Yoga, Hindistan’da ortaya çıkan, pozlar ve meditasyon aracılığı ile zihin ve ruhta sükunete ulaşmayı amaçlayan bir egzersiz türüdür. Bedeninizle çıkacağınız bu yolculukta en temel amaç rahatlamak, bedeni ve zihni güçlendirmektir. Yoga uygulamalarında kullanılan diyafram nefesi ile düşünsel, duygusal ve fiziksel stresin azaldığı bilinir. Yoga duruşlarında yavaş ve çaba gerektirmeyen nefes, vücut hücrelerine huzur getirir. Yüz kaslarını rahatlatır ve göz, kulak, burun dil ve deri gibi algılama organlarındaki gerilimi uzaklaştırır. Böylece tüm düşünceler durgunlaşır, zihin stresten kurtulur, esenlik, huzur ve sükunet ile dolar.

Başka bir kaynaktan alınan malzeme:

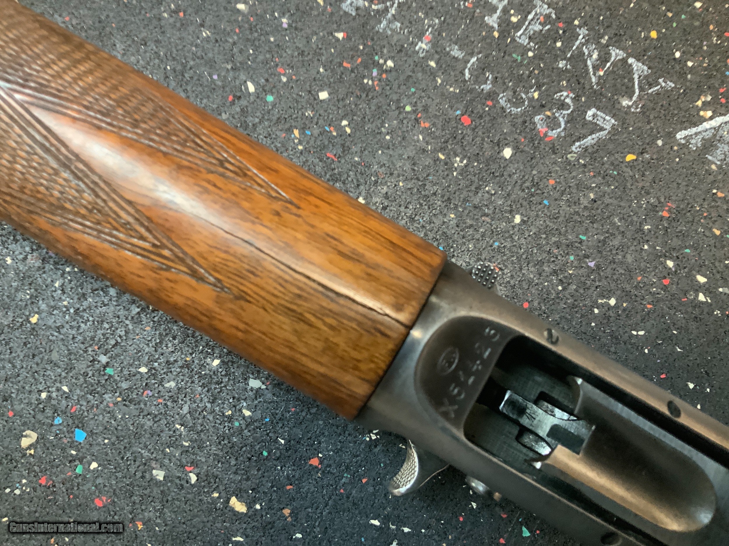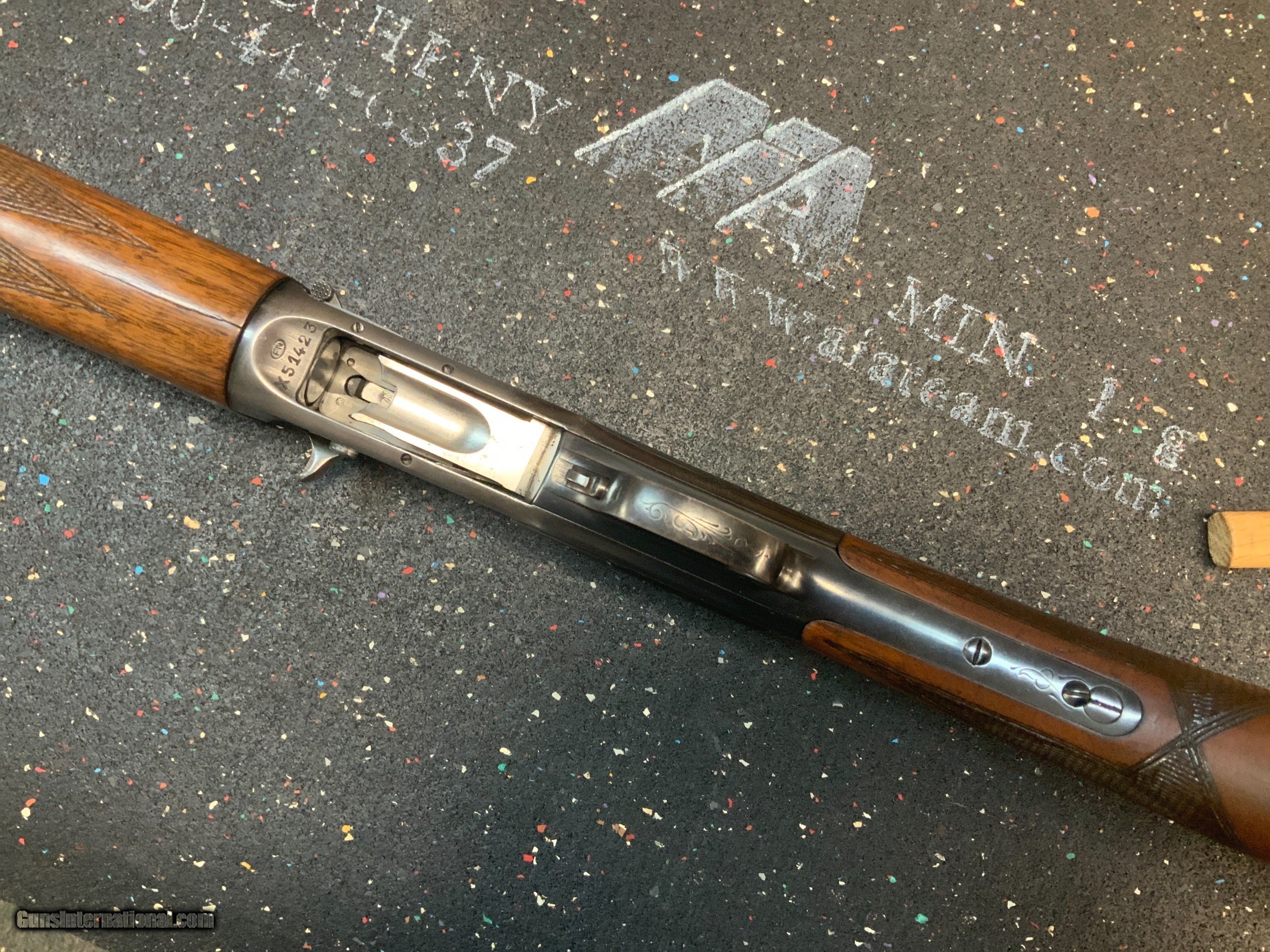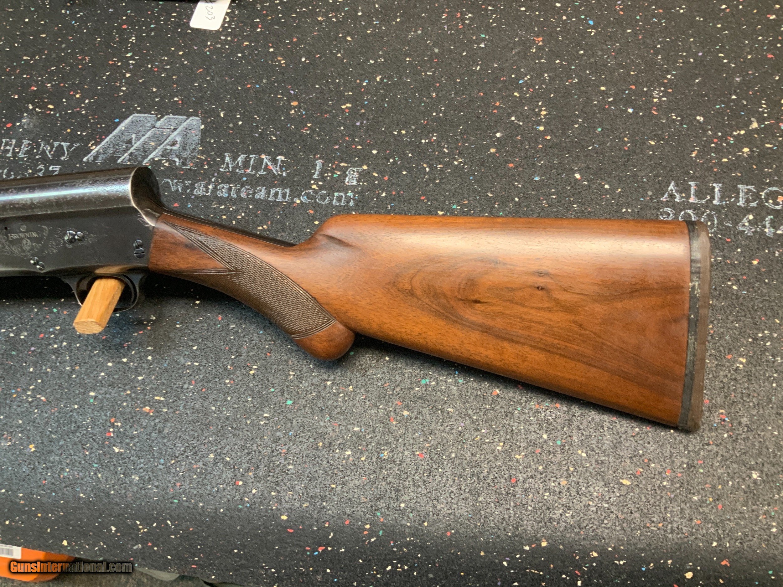 Description: Browning A-5 16 gauge from 1951 in well used condition. Appears to have been re-blued and a plastic vented rib added to the barrel. Split in the forearm wood and varnish added. Great truck gun, beater, parts gun or you use you imagination. Pictures show what you get. Please add $50 for shipping and insurance to your FFL or C&R. SOLD Curio/Relic: Yes Shotgun Gauge: 12 Gauge Manufacturer: Browning Model: A-5 Barrel Length: 27” Condition: Fair Metal Condition: Fair Wood Condition: Fair Bore Condition: Good Action: Semi-auto Manufacture Date: 1951 |
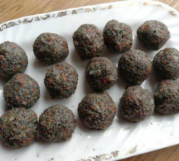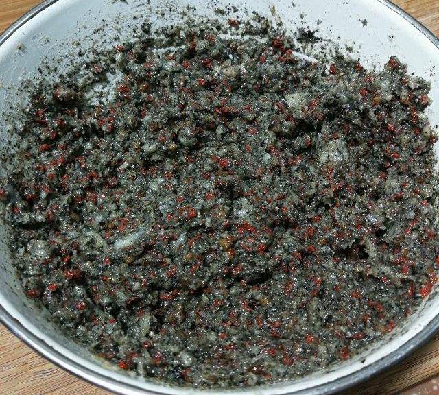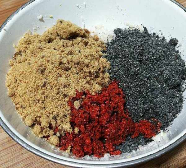 第2步、黑芝麻炒熟碾細,和紅糖、糖桂花一起放到肉餡中。
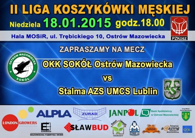 Mecz Sokoła z drużyną z Lublina odbędzie się w niedzielę, 18 stycznia o godz. 18:00, na hali MOSiR przy ulicy Trębickiego.
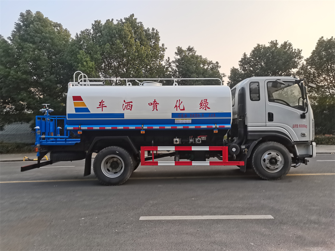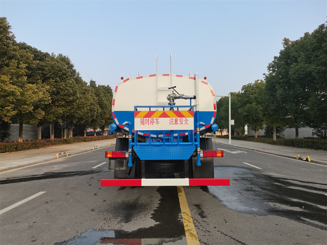 灑水車前裝有鴨形噴嘴或圓頭沖嘴,后面裝有圓柱開灑水噴嘴或蓮蓬頭噴嘴,后部有一工作平臺,裝配有水炮。后部還可裝8個噴嘴(選裝)。
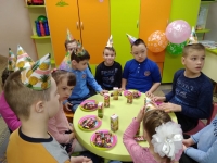 Ребята веселились от души, у всех было замечательное настроение, радость на лицах! А наши именинники - самые счастливые и довольные! День рождение было отмечено вкусным чаепитием с конфетами, пирожными! И конечно подарками!
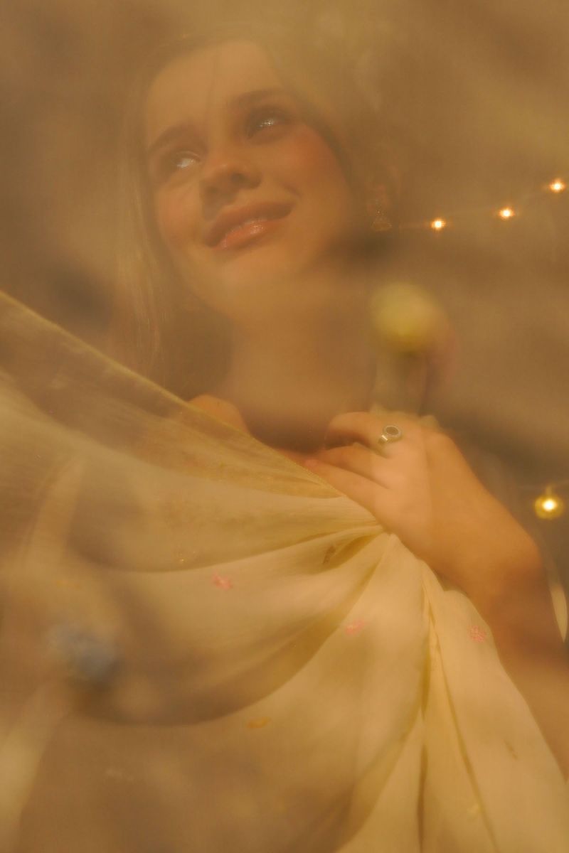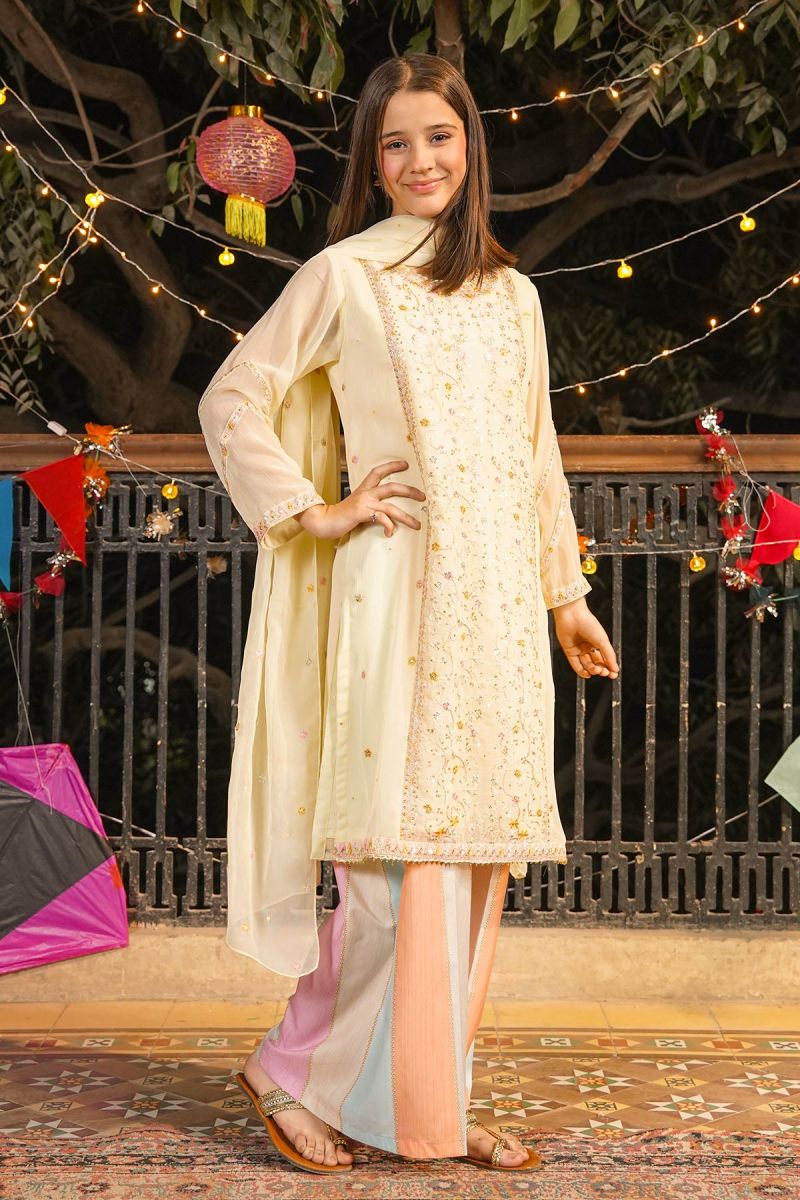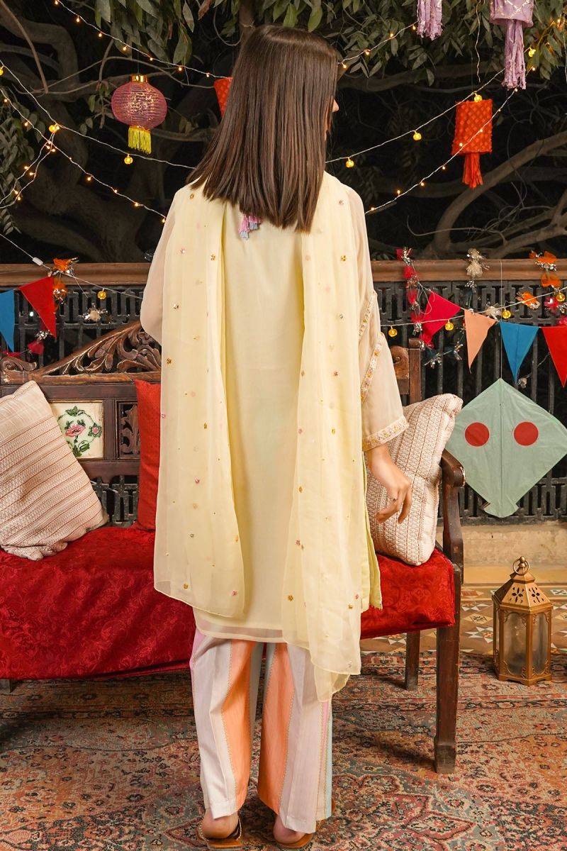 Top: Lemon Yellow Chiffon Kurta With Embroidery and Malai Crepe Lining
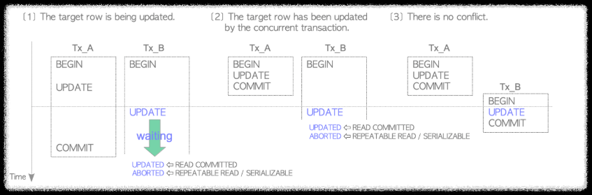 transaction snapshot과 연관이 있으며 아래 동작으로 인해 Lost Update 현상이 있을 수 있어 repeatable read or serializable isolation transaction에서는 중단이 필요함.
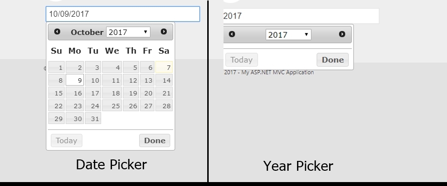 5. Invoke Year Picker when focus on “Year” field using ‘$("#Year").focus()’ event.
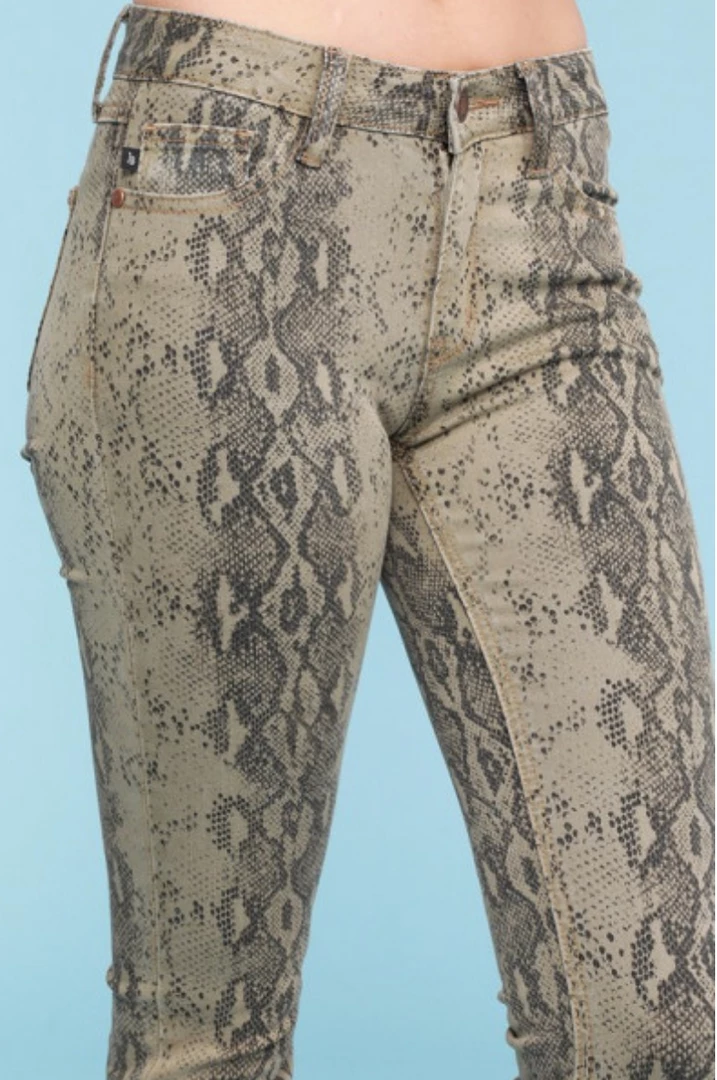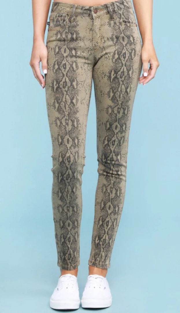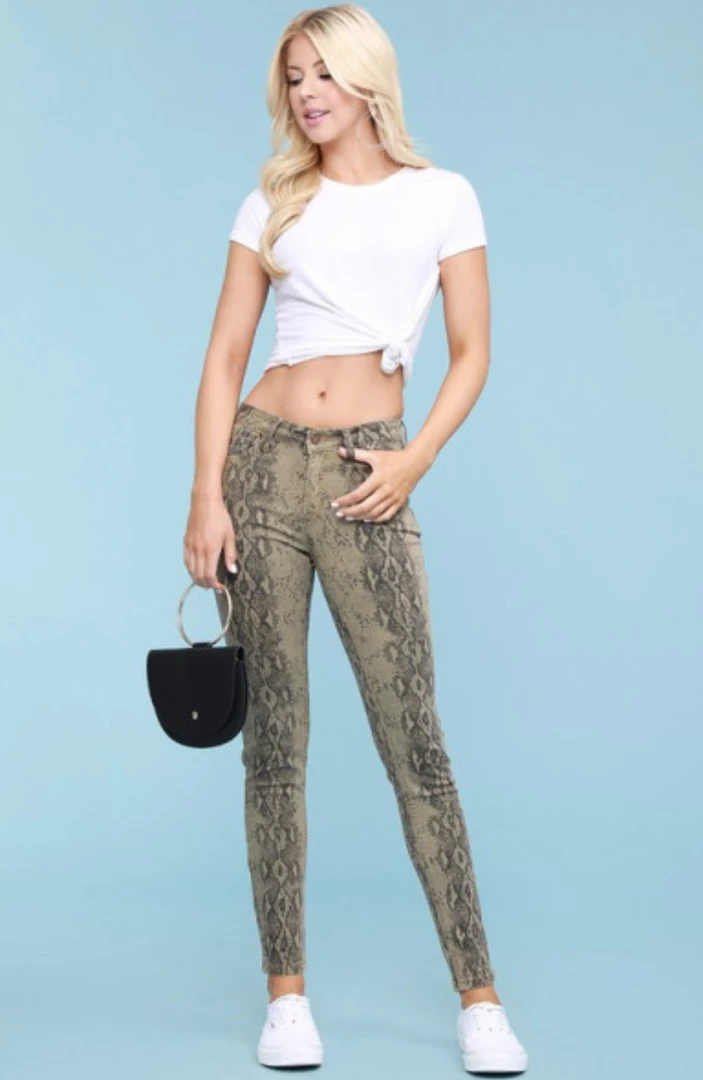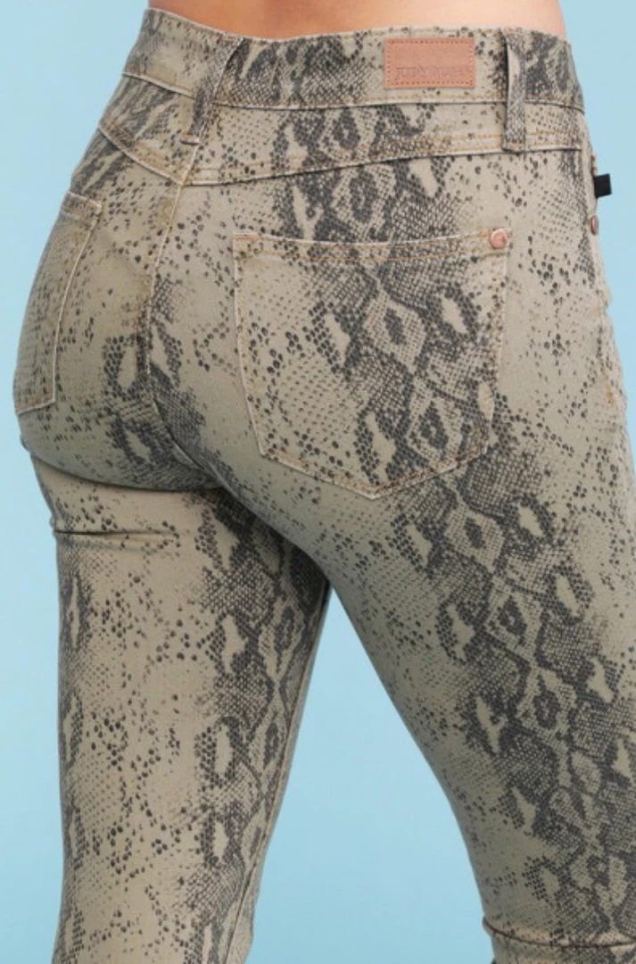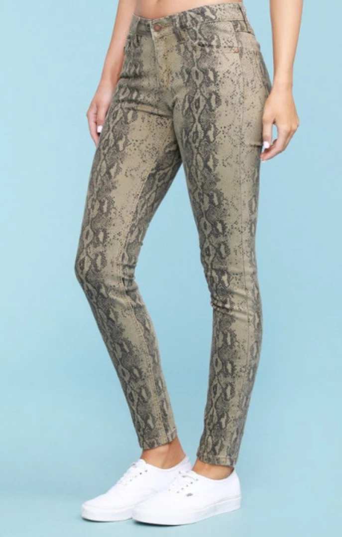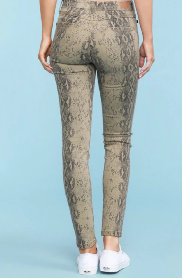 These taupe python skinnies are perfect! They feature a high waist with working belt loops and pockets! These are available in sizes 0-24W!!
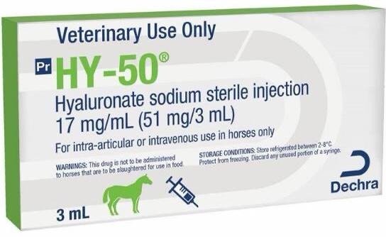 HY-50 VET is indicated for Intra-articular and intravenous treatment of lameness caused by joint dysfunction associated with non-infectious synovitis.

Stres faktörü yaşamımızın her alanını olumsuz anlamda etkiliyor. Stresin vücutta oluşturduğu etkiler kaynaklı kilo vermede zorluk çıkardığını hepimiz biliyoruz. Fazla stres kalp hastalığı, yüksek tansiyon olmak üzere birçok hastalığı beraberinde getirebilir. Metabolizma ve beslenme bakımından aktif rol oynayan beynimiz, stresten en çok etkilenen organlarımızın başında geliyor. Stres anında vücudumuzdaki kortizol hormonunun yükselmesiyle kan şekeri, metabolik hız, kalp atışları ve bağırsak fonksiyonlarında bazı değişiklikler meydana gelmektedir. Kortizol seviyesinin artması ile bireyler daha çok tatlı veya tuzlu yiyeceklere yönelmekte ve bu durum kişilerde bel çevresi yağlanmasına neden olmaktadır.
İlgini çekebilir: Stres Hormonu Kortizol Seviyemizi Düşürmek İçin 7 Öneri
Peki yoga yaparken nasıl besleneceğiz?
Vücudumuz besinleri sindirmek için enerjiye ihtiyaç duyar; bu nedenle yogadan hemen önce beslendiğimizde enerjimizin bir kısmı sindirime harcanacağı için yoga pratiğinden istediğimiz verimi alamayabiliriz. Bununla birlikte midemizdeki doluluk nedeni ile rahatsızlık duyabiliriz. Yogadan 3-4 saat öncesi ana öğün, 1-2 saat öncesi hafif yemekler, yarım saat öncesi ise küçük atıştırmalıklar uygun olacaktır.
Yoga pratiği öncesinde:
- Acı biber, soğan, sarımsak gibi vücudu uyaran, kurubaklagiller, lahana, mantar, pırasa gibi gaz yapan veya beyaz ekmek, pirinç gibi tokluk süresini azaltan besinler yerine, sporda daha iyi hissetmenizi sağlayacak potasyum, kalsiyum, magnezyum ve lif zengini Ispanak, semizotu, marul, dereotu gibi koyu yeşil yapraklı sebzeler tüketilmelidir.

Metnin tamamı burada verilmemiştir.